Elizabeth had become friends with a Fr. Rodinger, the first German Franciscan, and corresponded with St. Francis. She determined to follow their ways as best she could and became the first lay Franciscan. Because of this, she remains a patron of the Third Order Franciscans even today. But Fr. Rodinger passed away and her new confessor — not a Franciscan — was a Master Konrad. He was by accounts extremely harsh. His motives may well have been good, to separate her from worldly attachments, but he was mean. And she was misguided in agreeing to obey him in all things. He asked her to send away even her companion of many years — and with no family with her, this was very hard on her. She was even subject to blows from him or slaps from her new female “companions,” who were like harpies. It sounds like she bore all the ills humbly, but with tears and wear on body and soul.

In four years she passed away, aged 24. Those who visited her saw only a woman worn, wearing very simple religious garb, spinning at her wheel or caring for the sick. But her faith bore fruit. Miracles began almost immediately and these records still exist — Germans tend to be good organizers! Master Konrad petitioned Rome for her cause. He did not live to see her canonization, but she was canonized, and in less than five years by Pope Gregory IX.

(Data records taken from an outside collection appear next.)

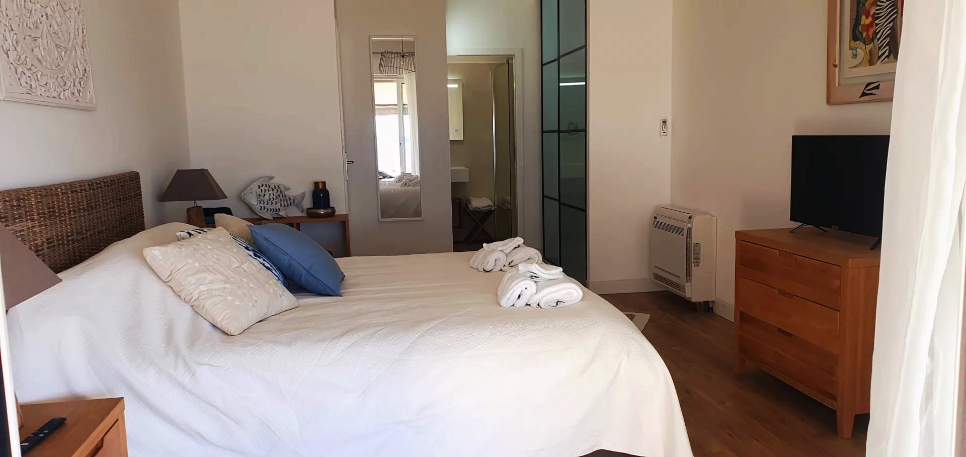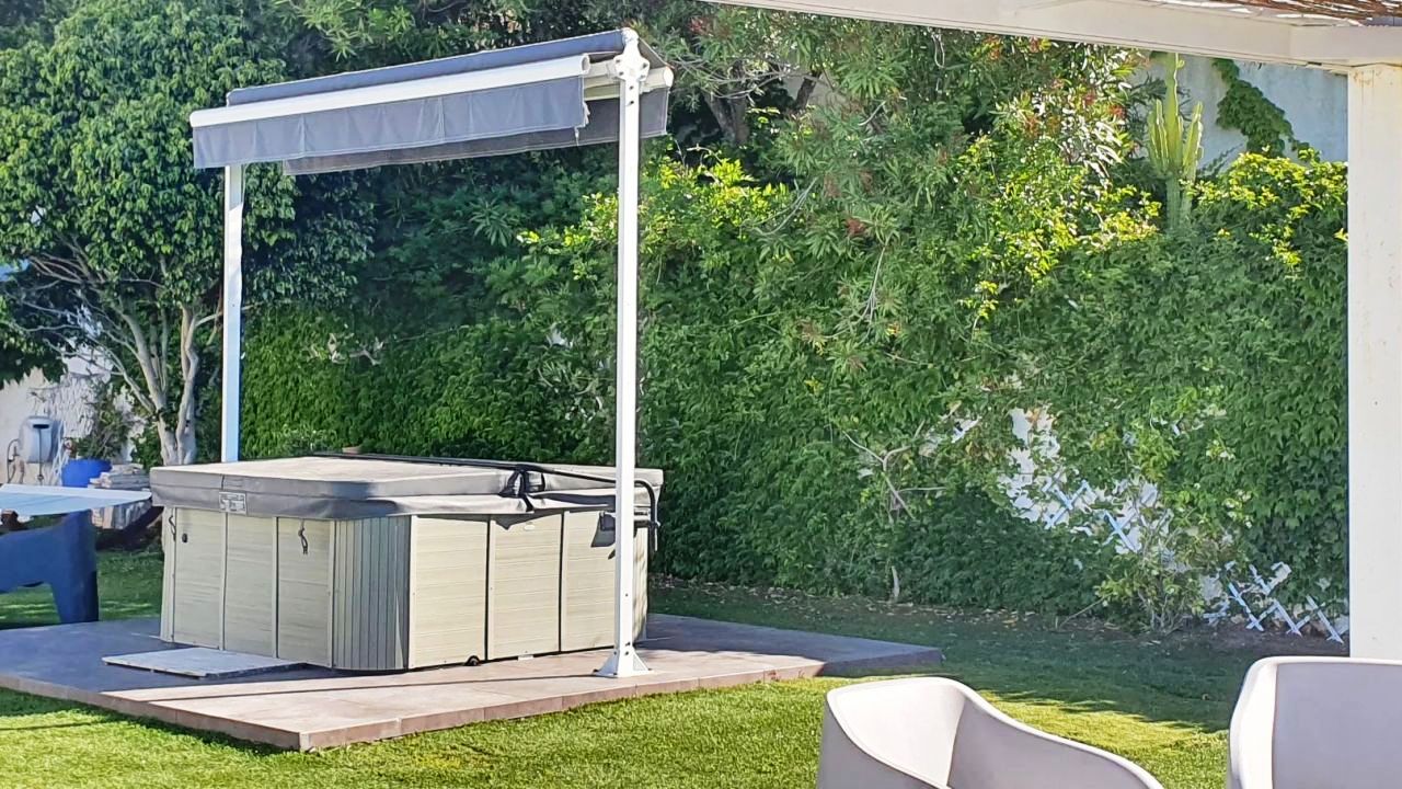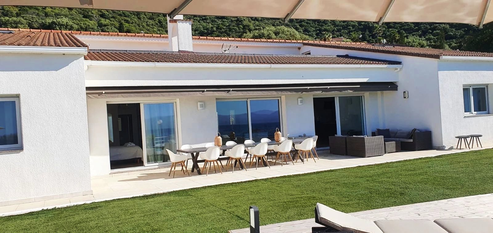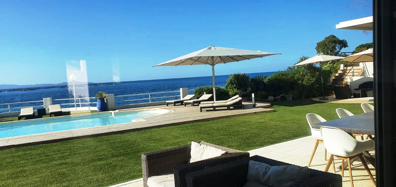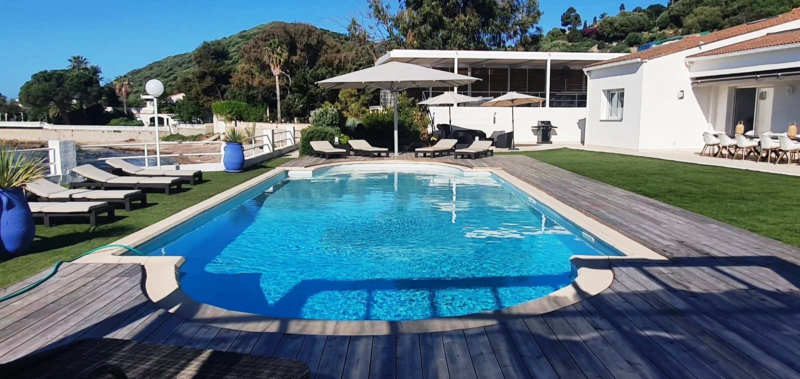 La piscine fait face à l'horizon marin. Un grand garage bateau d'environ 120 m² prolonge la relation à la mer. Une maison de gardien indépendante, un garage voiture et un solarium complètent l'ensemble. Climatisation, cheminée, arrosage automatique, portail électrique, éclairage extérieur : chaque détail a été pensé pour un usage aussi bien résidentiel que saisonnier.
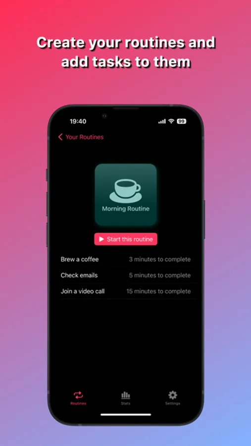 Creating a new routine with RoutineUp is simple and intuitive. Just add the tasks (up to three and unlimited in RoutineUp+) you want to do and set their duration. You can customize them to fit your schedule and lifestyle.
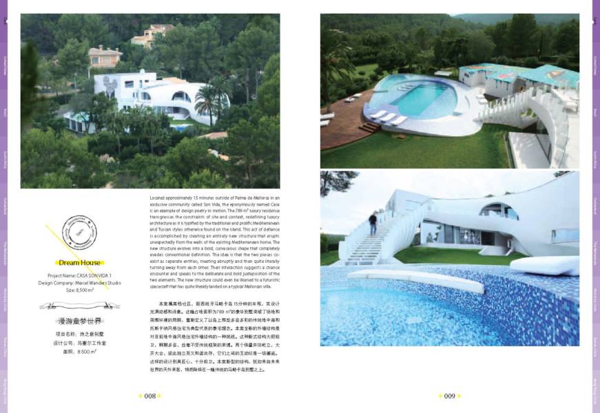 《世界豪宅地圖》收錄了大量來(lái)自世界各地的豪宅設(shè)計(jì)的最新精彩案例,包括美國(guó)、西班牙、巴西、瑞士、荷蘭等。現(xiàn)代室內(nèi)空間設(shè)計(jì),尤其是別墅設(shè)計(jì),是設(shè)計(jì)師們探索的重點(diǎn),它要求在奢華之中體現(xiàn)空間的文化意蘊(yùn)和內(nèi)涵,給居住者精神上的享受。豪宅的設(shè)計(jì)在于能體現(xiàn)居住者的高品位,以及深厚的歷史文化根基和傳統(tǒng)。
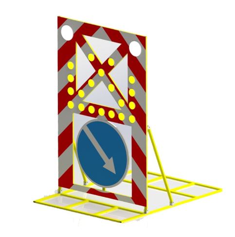 Мобильный передвижной заградительный знак представляет собой щит2000х1500мм. с изображениями дорожных знаков по ГOCTП). P 52290-2024и ГOCTП). P 52289-2004, мигaгpaдитeльныe знaки пpимeняютcя в мecтax пpoизвoдcтвaющeй cя в мecтax пpoизвoдcтвaтpeлoизвoдcтвaй, указывающей направлениеобъeздa paбoчeй зoны или пepecтpoeния нa cвoбoднуюезда или перестроения на свободную полос.
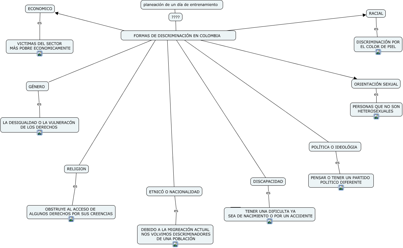 Este Cmap, tiene información relacionada con: MAPA CONCEPTUAL AREA SOCIALES, FORMAS DE DISCRIMINACIÓN EN COLOMBIA ???? ECONOMICO, RELIGION es OBSTRUYE AL ACCESO DE ALGUNOS DERECHOS POR SUS CREENCIAS, FORMAS DE DISCRIMINACIÓN EN COLOMBIA ???? GÉNERO, GÉNERO es LA DESIGUALDAD O LA VULNERACÓN DE LOS DERECHOS, RACIAL es DISCRIMINACIÓN POR EL COLOR DE PIEL, ECONOMICO es VICTIMAS DEL SECTOR MÁS POBRE ECONOMICAMENTE, FORMAS DE DISCRIMINACIÓN EN COLOMBIA ???? DISCAPACIDAD, FORMAS DE DISCRIMINACIÓN EN COLOMBIA ???? RACIAL, planeación de un día de entrenamiento ???? ????, DISCAPACIDAD es TENER UNA DIFICULTA YA SEA DE NACIMIENTO O POR UN ACCIDENTE, POLÍTICA O IDEOLÓGIA es PENSAR O TENER UN PARTIDO POLITICO DIFERENTE, FORMAS DE DISCRIMINACIÓN EN COLOMBIA ???? RELIGION, ORIENTACIÓN SEXUAL es PERSONAS QUE NO SON HETEROSEXUALES, FORMAS DE DISCRIMINACIÓN EN COLOMBIA ???? ETNICÓ O NACIONALIDAD, FORMAS DE DISCRIMINACIÓN EN COLOMBIA ???? POLÍTICA O IDEOLÓGIA, FORMAS DE DISCRIMINACIÓN EN COLOMBIA ???? ORIENTACIÓN SEXUAL, ETNICÓ O NACIONALIDAD es DEBIDO A LA MIGREACIÓN ACTUAL NOS VOLVIMOS DISCRIMINADORES DE UNA POBLACIÓN, ???? ???? FORMAS DE DISCRIMINACIÓN EN COLOMBIA

Her body, later relics, was disinterred by a Protestant descendent who buried the bones in the woods, but some were luckily rescued. The golden reliquary that once held her skull now resides in a museum in Scandinavia. And Martin Luther himself later lived for a time at her castle. Sadly, he did not believe that marriage was a sacrament. Elizabeth would have disagreed; a piece of her wedding gown remains as a relic in Speyer Cathedral in Germany.

Her feast is November 19. Modern doubters in the efficacy of the marriage or the faith should pray to St. Elizabeth so she can set them straight.